EP432449 combines soap scales or granules with anionic surfactants such as linear alkylbenzene sulphonates (LAS) and alkyl sulphates (AS) and nonionic surfactants such as polyethoxylated or polypropoxylated alcohols to form powdered detergents with a good foam-control capacity during washing and rinsing, which are particularly suitable for use in washing machines. The soap granules may have dimensions of 0.2-3 mm The soap scales, which are more preferred, may have dimensions of 1-10 mm or preferably 2-5 mm. They can be added by dry-mixing into the base detergent powder after such powder is formed by atomization.
U.S. Pat. No. 5,443,751 uses very small particulate soaps to form an adherent coating over the surface of detergent granules that contain anionic surfactant, nonionic surfactant, inorganic salt builder, and alkali metal silicate, so as to reduce undissolved residue from such detergent granules under cold water washing conditions. The particulate soaps used for this purpose have an average particle size between about 50-200 microns, preferably from 70-180 microns, and more preferably from 90-110 microns (see Example I).
EP1633846 discloses the use of larger soap granules (in comparison with those used in U.S. Pat. No. 5,443,751) in combination with anionic surfactants and nonionic granules to form granular laundry detergent compositions with improved dissolution across a wide range of water hardnesses. Such soap granules have a particle size of from 400 to 1400 microns, and preferably from 500 to 1200 microns.

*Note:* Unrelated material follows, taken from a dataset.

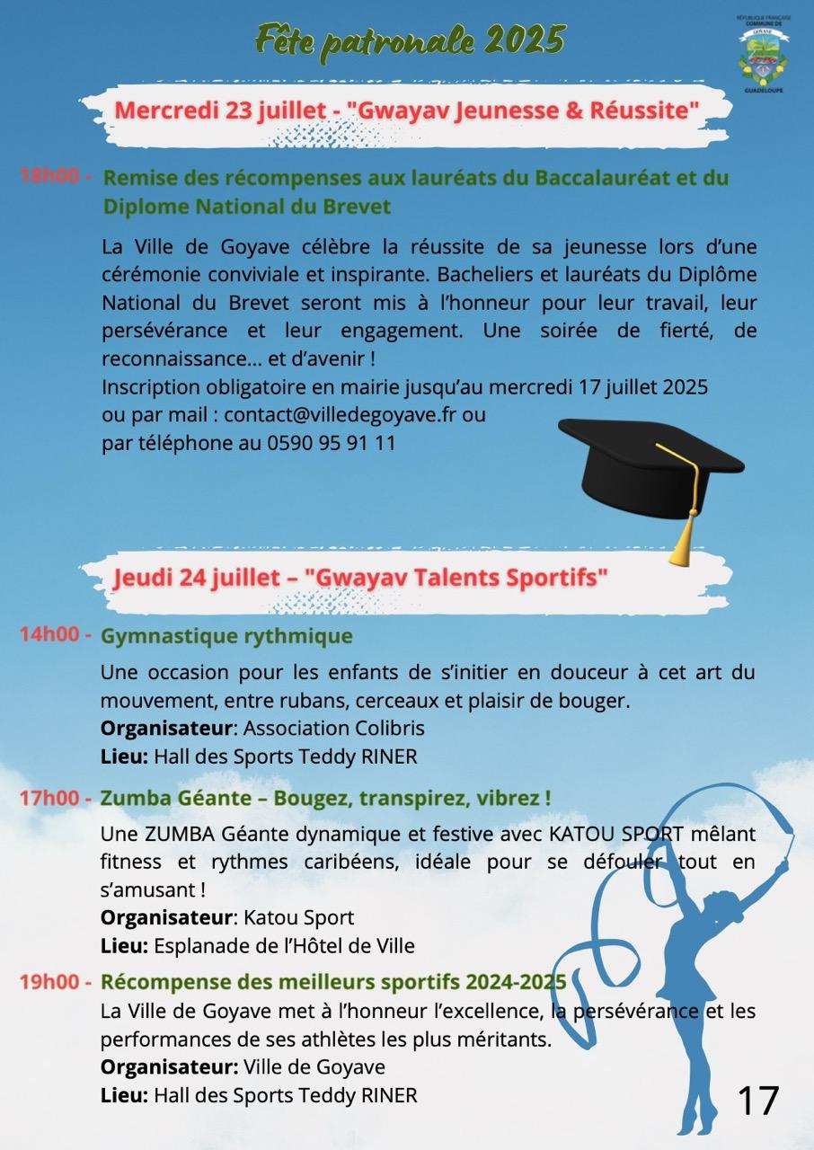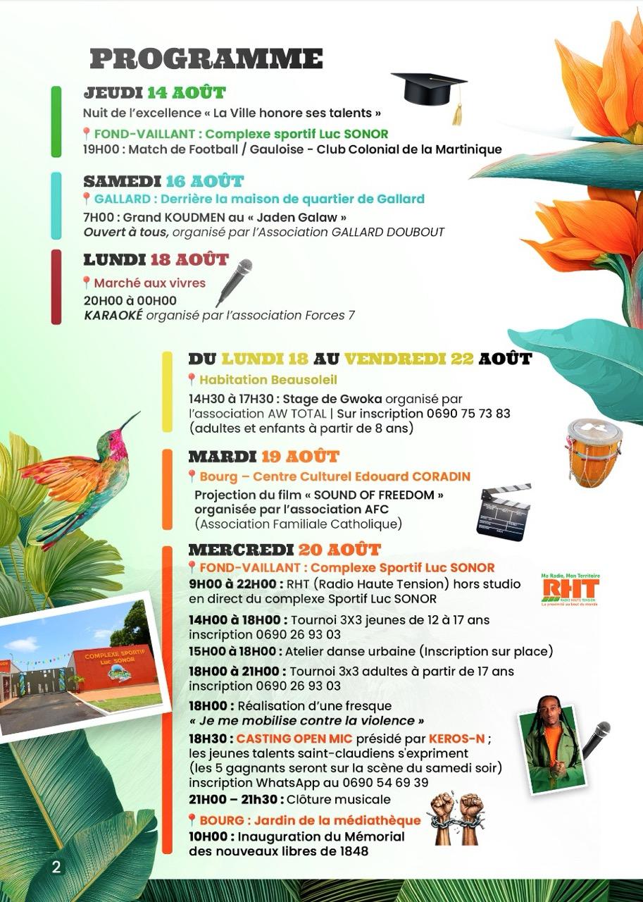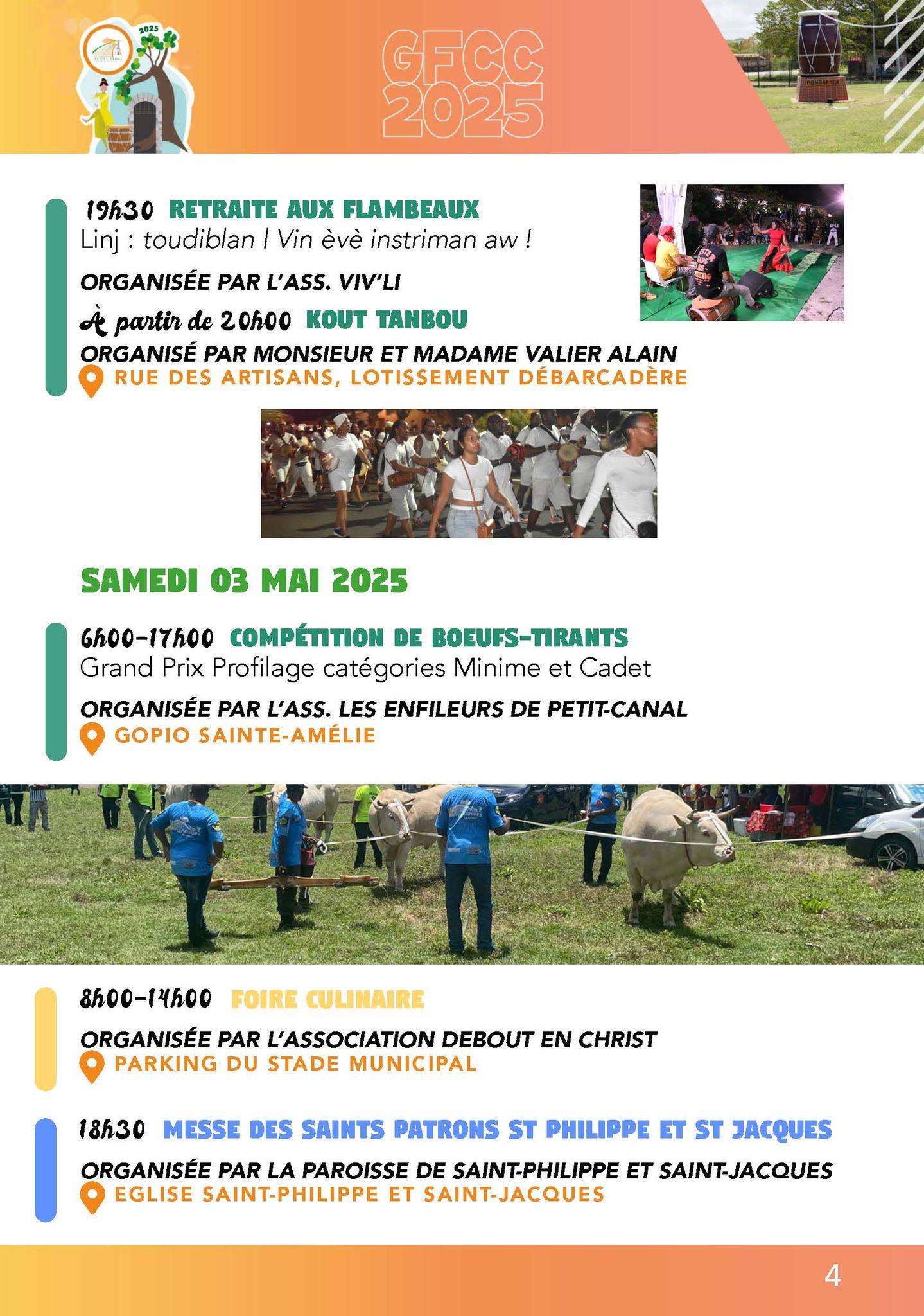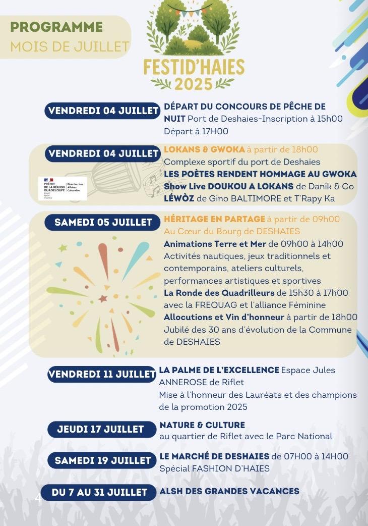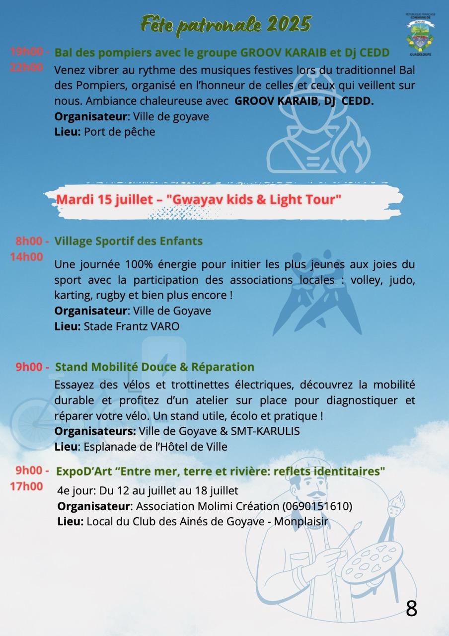 Au cœur de ces festivités : la messe solennelle, la procession costumée dans les rues fleuries, mais aussi les tournois sportifs, les bals populaires, les concerts de gwo ka et les marchés artisanaux débordants de couleurs et de saveurs péyi. C’est l’âme de la Guadeloupe qui s’exprime, entre foi et joie, entre mémoire et modernité. Et au final, c’est surtout un rendez-vous d’amour pour son territoire, ses racines… et un bon colombo au bord de la route 😋
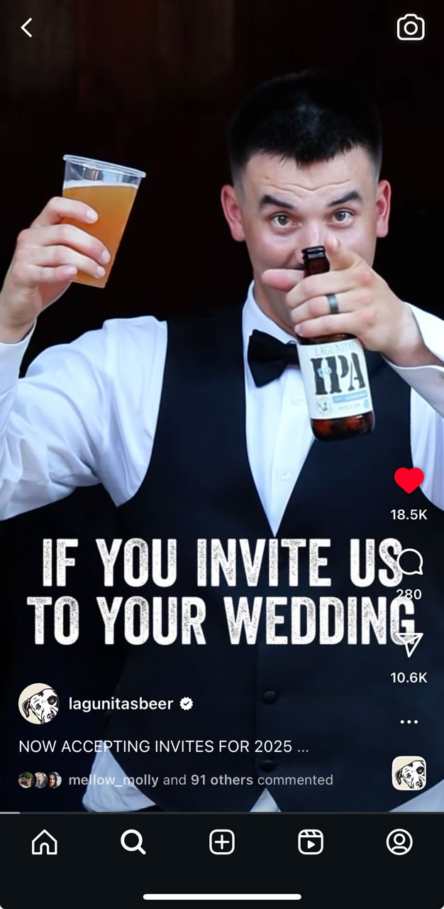 Please review Lagunitas “weddingcrashers” campaign and rate it using the Heineken Creative Ladder. Your (anonymous) vote will be referenced in the Creative Council session. You can return to your vote or change anytime using your login details.

However, none of these references teaches or suggests the use of soap particles having particle sizes within a relatively narrow range, e.g., from about 125 microns to about 355 microns and preferably from about 125 microns to about 250 microns, let alone recognizing or appreciating any unique benefit that can be achieved by selecting soap particles having particle sizes within such range.
It has now been surprisingly found that soap particles having particle sizes within the range of 125-355 microns when used at a sufficiently high amount are not only effective in reducing foam or suds during the rinse cycle of a cleaning process, but are also capable of maintaining or boosting the foam or suds during the wash cycle of such cleaning process, in comparison with soap particles having particle sizes falling outside of the above-mentioned range. Cleaning compositions containing soap particles of the present invention are characterized by an improved suds profile that are particularly useful for handwashing fabrics or other items.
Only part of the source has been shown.